You'll recall that in previous articles I used a dog show to demonstrate generating classes in Java and C# from an XML schema. This time, since we're building a database, the database schema for the dog show will require the following schema:
Normally if you were building a database like this, you would
use SQL or have access to a graphical entity relationship
modeling tool. With the .NET DataSet class,
however, you can build a database schema dynamically. The
following code demonstrates one way to do that:
using System;
using System.Data;
public class MakeDataSet {
public static void Main(string [] args) {
DataSet dataSet = new DataSet("DogShow");
// create Show table
DataTable showTable = dataSet.Tables.Add("Show");
DataColumn showIdColumn =
showTable.Columns.Add("Id", typeof(Int32));
showTable.Columns.Add("Name", typeof(String));
showTable.PrimaryKey =
new DataColumn [] {showIdColumn};
// create Breed table
DataTable breedTable = dataSet.Tables.Add("Breed");
DataColumn breedIdColumn =
breedTable.Columns.Add("Id", typeof(Int32));
breedTable.Columns.Add("Name", typeof(String));
breedTable.PrimaryKey =
new DataColumn [] {breedIdColumn};
// create Dog table
DataTable dogTable = dataSet.Tables.Add("Dog");
DataColumn dogIdColumn =
dogTable.Columns.Add("Id", typeof(Int32));
dogTable.Columns.Add("Name", typeof(String));
DataColumn dogBreedIdColumn =
dogTable.Columns.Add("BreedId", typeof(Int32));
dogTable.PrimaryKey =
new DataColumn [] {dogIdColumn};
// create foreign key relationship
dataSet.Relations.Add("DogBreed", breedIdColumn,
dogBreedIdColumn);
// create Judge table
DataTable judgeTable = dataSet.Tables.Add("Judge");
DataColumn judgeIdColumn =
judgeTable.Columns.Add("Id", typeof(Int32));
judgeTable.Columns.Add("FirstName", typeof(String));
judgeTable.Columns.Add("LastName", typeof(String));
judgeTable.PrimaryKey =
new DataColumn [] {judgeIdColumn};
// create ShowRing table
DataTable showRingTable =
dataSet.Tables.Add("ShowRing");
DataColumn showRingIdColumn =
showRingTable.Columns.Add("Id", typeof(Int32));
showRingTable.Columns.Add("Name", typeof(String));
showRingTable.PrimaryKey =
new DataColumn [] {showRingIdColumn};
// create Judging table
DataTable judgingTable =
dataSet.Tables.Add("Judging");
judgingTable.Columns.Add("ShowTime",
typeof(DateTime));
DataColumn judgingBreedIdColumn =
judgingTable.Columns.Add("BreedId",
typeof(Int32));
DataColumn judgingJudgeIdColumn =
judgingTable.Columns.Add("JudgeId",
typeof(Int32));
DataColumn judgingShowRingIdColumn =
judgingTable.Columns.Add("ShowRingId",
typeof(Int32));
DataColumn judgingShowIdColumn =
judgingTable.Columns.Add("ShowId",
typeof(Int32));
// create foreign key relationships
dataSet.Relations.Add("JudgingBreed",
breedIdColumn, judgingBreedIdColumn);
dataSet.Relations.Add("JudgingJudge",
judgeIdColumn, judgingJudgeIdColumn);
dataSet.Relations.Add("JudgingShowRing",
showRingIdColumn, judgingShowRingIdColumn);
dataSet.Relations.Add("JudgingShow",
showIdColumn, judgingShowIdColumn);
}
}
|
I mentioned that the DataSet class can represent a
disconnected view of a database. In fact, as in this case, a
DataSet doesn't really need a database backing it
at all. You can even think of the XML output we're producing as
the database, although it lacks all the usual ACID properties of
a relational database. Still, it makes for a convenient
demonstration of some of the XML functionality.

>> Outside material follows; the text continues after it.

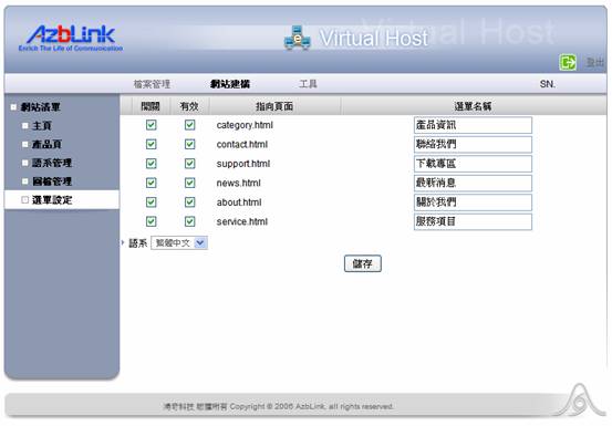 網頁清單可分為主頁、產品頁、語系管理和圖檔管理以及選單設定等五大項主要功能。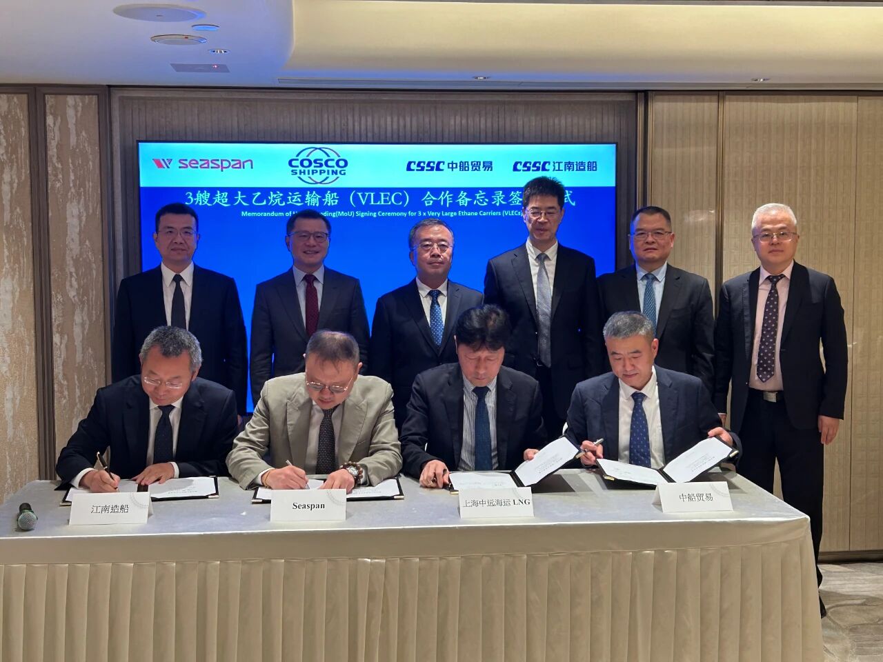 王国强同时见证了丝袜av 与中旅集团签署战略合作协议,丝袜av 旗下江南造船联合中船贸易与Seaspan、上海中远海运LNG签署超大乙烷运输船(VLEC)合作备忘录;与相关中央企业举行会谈并签署战略合作协议。

Having created the DataSet for the dog show, you
could now go on and populate it with data using code something
like this:
DataRow show = showTable.NewRow();
show["Id"] = 1;
show["Name"] = "O'Reilly Invitational Dog Show";
showTable.Rows.Add(show);
That works well enough, although it's a lot of work, and there's
nothing being done at compile time to guarantee that you
actually have a column named "Id" in the
DataTable. It would be much better if you could
access tables and columns in a more type-safe way. Writing the
code to do that could be a lot of work, but you'd only have to
do it once. Actually, the .NET framework can do a lot of the
heavy lifting for you. In addition to the work you saw it do in
the last article, the xsd tool can generate a
subclass of DataSet for a specific W3C XML Schema.
But first you need a schema. The DataSet class has
a WriteXmlSchema() method which creates an W3C XML
Schema from the DataSet. You simply need to add a
line to the end of the MakeDataSet program to write
the schema to a file:
dataSet.WriteXmlSchema("DogShow.xsd");
Now you can generate a DogShow class with the
following command line:
xsd /dataset DogShow.xsd
The resulting code, placed by default in the file
DogShow.cs, is quite lengthy, and I won't include
the source listing here (you can read it here). Suffice it to say that
xsd has generated a class which is a subclass of
DataSet, which you can use to directly access
tables and columns. It's quite convenient.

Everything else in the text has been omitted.